Since you probably know the graph way better then me, can you do stuff like “route back”?. An example
Send output 1 of node A to both node B and node C then send the output of node C back to input 8 of node A.
Same goes for midi…
Also what is your sceem for deviding the threads? I mean how is it split up, how do you decide the number of threads.

Thank you for your help
Nikolai

TheVinn · December 19, 2012, 7:35pm

[quote=“Nikolai”]Since you probably know the graph way better then me, can you do stuff like “route back”?. An example
Send output 1 of node A to both node B and node C then send the output of node C back to input 8 of node A.[/quote]

This makes no sense to me…at that point you will no longer have an acyclic graph.

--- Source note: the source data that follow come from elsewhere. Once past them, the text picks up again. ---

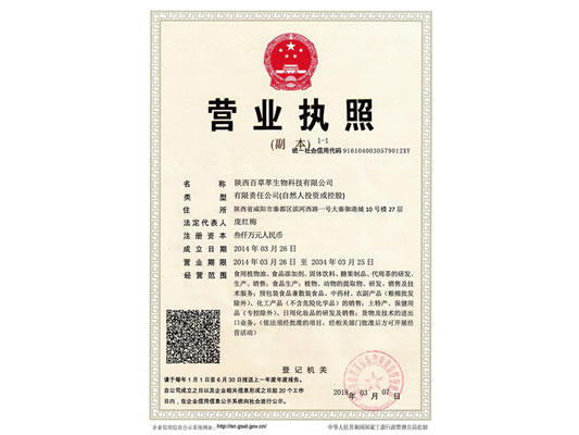 陜西百草萃生物科技有限公司,位于陜西省咸陽市秦都區(qū)濱河西路1號(hào)大秦御港城,公司成立于1996年,主要從事天然植物種植、研發(fā)、生產(chǎn)、加工、銷售為一體的高科技企業(yè)。主營醫(yī)藥原料、保健品原料、化妝品原料,精細(xì)化工原料。公司致力于人類健康保護(hù)事業(yè)“ 以科技為動(dòng)力,以質(zhì)量求生存” 的本質(zhì),依托陜西高新科技技術(shù)人才和科研優(yōu)勢(shì),已形成多學(xué)科、全方位、高層次的技術(shù)管理精英團(tuán)隊(duì)。充分利用秦巴山區(qū)的天然藥物資源,歷經(jīng)多年發(fā)展為打造百草萃生物品牌奠定了基礎(chǔ)。
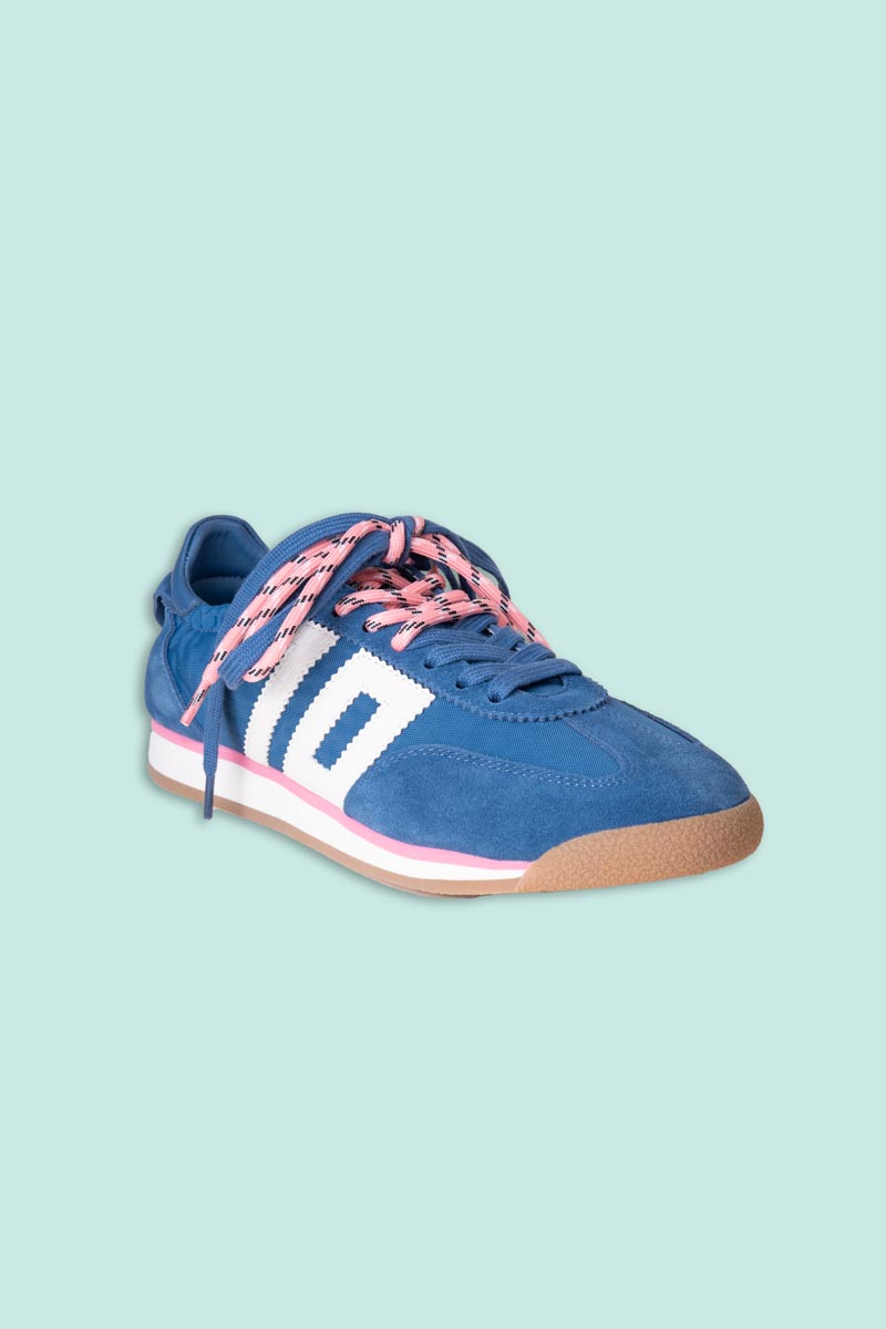Elemento distintivo è l’elastico che avvolge e chiude la caviglia, dettaglio funzionale ed estetico al tempo stesso, perfettamente in linea con le ultime proposte moda della Primavera 26. Questa soluzione dona stabilità alla calzata e aggiunge un tocco sporty–chic di grande tendenza. La tomaia combina nylon tecnico e inserti in pelle scamosciata in tonalità blu, creando un effetto materico ricercato e sportivo. Il logo laterale a contrasto dona riconoscibilità al modello, mentre i lacci rosa con trama grafica aggiungono un tocco vivace e distintivo. La suola in gomma flessibile (1,5 cm in punta e 2,5 cm al tallone) con inserto…
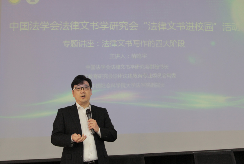 讲座中,苗鸣宇通过发布调查问卷的形式,结合生活实际提出问题,有针对性地引导学生进行思考,对同学们的回答一一点评,进而详细讲解法律文书写作的基础思维方法,推荐法律文书写作阅读书目,并着重强调法律实务实践活动的重要性。
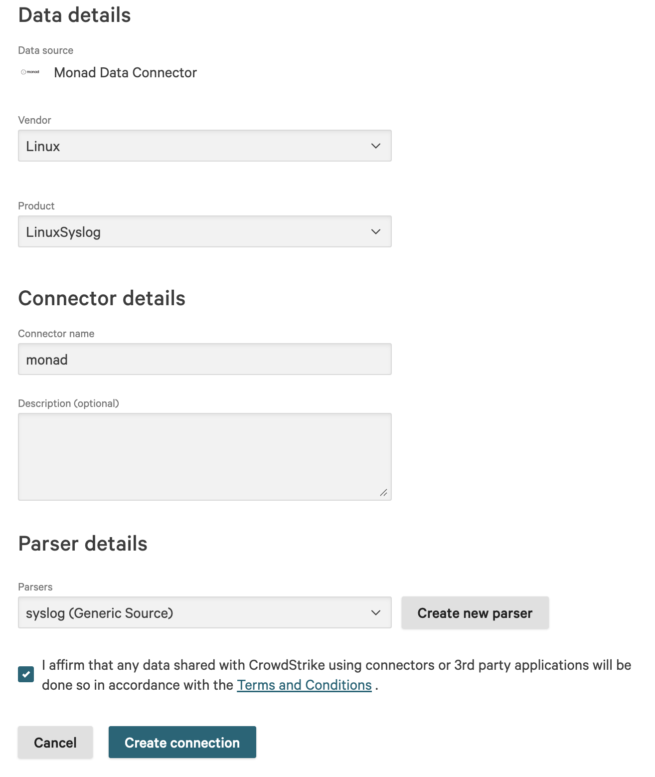 Configuration page for the Monad connector in CrowdStrike

How would this even work? There would have to be a delay, or else you’d have an infinite loop.

nikolaiaudios · December 19, 2012, 8:24pm

[quote=“TheVinn”]
This makes no sense to me…at that point you will no longer have an acyclic graph. How would this even work? There would have to be a delay, or else you’d have an infinite loop.[/quote]
Ah I forgot to mention that part, yes there will ofcourse be a delay of 1 buffer.
I have done this in my own “framework”, so I need this in order to port to juce.
I just did it pretty simple, just add(mix) the the output of node C to the input of node A when C is processed.
In the next cycle/buffer, the other inputs are added to node A
So the output of C is mixed in to A with a "one-buffer delay"
Don’t know if that explained it?
Also i guess your replay indicates that this is not possible in juce as of this time

TheVinn · December 19, 2012, 8:29pm

Its entirely possible, you just need to do it using two nodes which share the same internal object. So in your example, the output of C would go to the input of D. There would be a new node E which feeds into input 8 of A.

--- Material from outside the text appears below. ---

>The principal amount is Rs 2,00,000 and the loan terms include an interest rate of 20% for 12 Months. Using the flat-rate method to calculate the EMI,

Internally, nodes D and E point to the same implementation object, which keeps a delay buffer and applies whatever effects you want.

JUCE must be presented with an acyclic graph for the audio processor graph to work correctly, so its up to you to format your nodes in a way that the acyclic property is preserved.

nikolaiaudios · December 19, 2012, 8:37pm

Thanks TheVinn, Thats great.
I think I undestood it.
It’s a bit hard to wrap my head around this when I’m so used to my old framework.
Thanks for helping me out

dinaiz · December 20, 2012, 2:53am

I’m afraid that having several Nodes to refer to the same AudioProcessor wouldn’t work because, the Node object has the ownership of the underlying processor :

In class Node (juce_AudioProcessorGraph.h) :

The audio processor graph deletes and create nodes at is sees fit, so when 2 nodes reference the same processor, it can be deleted at any time, and become a dangling pointer in the other node.

Jules, maybe it would help to replace the ScopedPointer by another, non-owning pointer(Regular, ref counted, whatever you see fit) to allow us more advanced manipulations with AudioProcessorGraph

TheVinn · December 20, 2012, 6:09am

Of course it would work, just make an AudioProcessor subclass that holds a reference to a separately allocated implementation object. Then you can easily have 2, 3, or any number of AudioProcessor objects which refer to the same implementation.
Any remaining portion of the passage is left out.